The article on diffraction that got me thinking and testing is this one: Diffraction Limited Photography: Pixel Size, Aperture and Airy Disks

Granted, the loss of detail isn't huge, and is probably masked by focusing issues, but IF you have the scene critically focused, there is an apparent reduction of resolution as you go to the higher f/stops.  

I think that each of us should learn to test our equipment in a structured way so that we can determine if we're really getting the most out of it.  Often times it is "user error" that is causing the less-than-stellar results.  I had a club member show all the signs of "lens envy", bemoaning the poor results her kit lens gave her.  I put her camera on a tripod, set it to an f/stop of 8, focused using a magnifier, and was able to show her that she can get very sharp photos with her equipment.  Problem was, she was missing the focus, had handshake, and relied too much on her "automatic" features.  Of course, those errors would still persist if she upgraded to a top-of-the-line lens.  After our little demo, she went and got herself a tripod, and now she's getting pretty good shots.  But I digress....


----------



## LittleItaly (Oct 6, 2010)

ottor said:


> LittleItaly said:
> 
> 
> > Read this! Its really easy to understand and explains what you need to know about using a low aperture and a high aperture!
> ...


 


Yes! The Photography portion of her website is as equally amazing as her Cooking Portion! I just ordered her cookbook! I love her!


----------



## Overread (Oct 6, 2010)

Diffraction softening and hyperfocal focusing have already been mentioned so I'm left mostly to highlight both of those components again. Diffraction generally starts to take effect after around f8, but typically remains minor up till around f13/16 on a 1.6 crop camera body and around f16/22 on a fullframe camera body. With most considering f13 the 1.6 ideal min and f22 the fullframe ideal min.

The actual point will depend upon: camera body - lens and the standards of the photographer in question. In addition as has been said (example the skyline shots) sometimes you need to have a smaller aperture to get the shutter speed you want. 

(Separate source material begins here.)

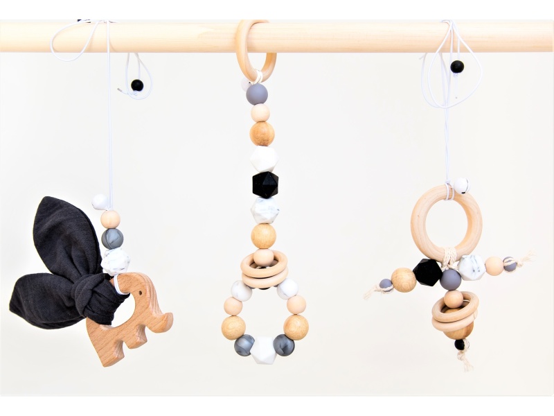 - Особенности Погремушки подвесные для игрового комплекса. Комплект из 3х штук. Состав: Пищевой силикон, можжевельник, клен, бук

You can get a rather extreme example of diffraction softening if you look at the shots in this set here: MPE 65mm test shot series - a set on Flickr
remembering of course that the actual apertures are much smaller than those stated as the magnifiaction increases. 

Hyperfocal focusing is a great tool/skill to learn to use because it lets you use a sharper aperture for landscape type work rather than using a smaller, softer aperture.


----------



## Taylor510ce (Oct 6, 2010)

ottor said:


> LittleItaly said:
> 
> 
> > Read this! Its really easy to understand and explains what you need to know about using a low aperture and a high aperture!
> ...


 dont feel bad, I have a subscription to Cooking Light which is pretty much geared towards women. Oh well, gotta watch my girlish figure I guess, my arteries thank me.:lmao:


----------



## Fedaykin (Oct 6, 2010)

For Macro work where focus stacking is not an option.


----------



## Sbuxo (Oct 6, 2010)

When your meter tells you to.:lmao: 
Well not in every case.
Mine tells me apertures so..


----------



## KmH (Oct 6, 2010)

akeigher said:


> I used it in this shot to give me the sunburst.


Those are actually called - Diffraction spikes, and they will be produced by any light source/specular highlight in an image.


----------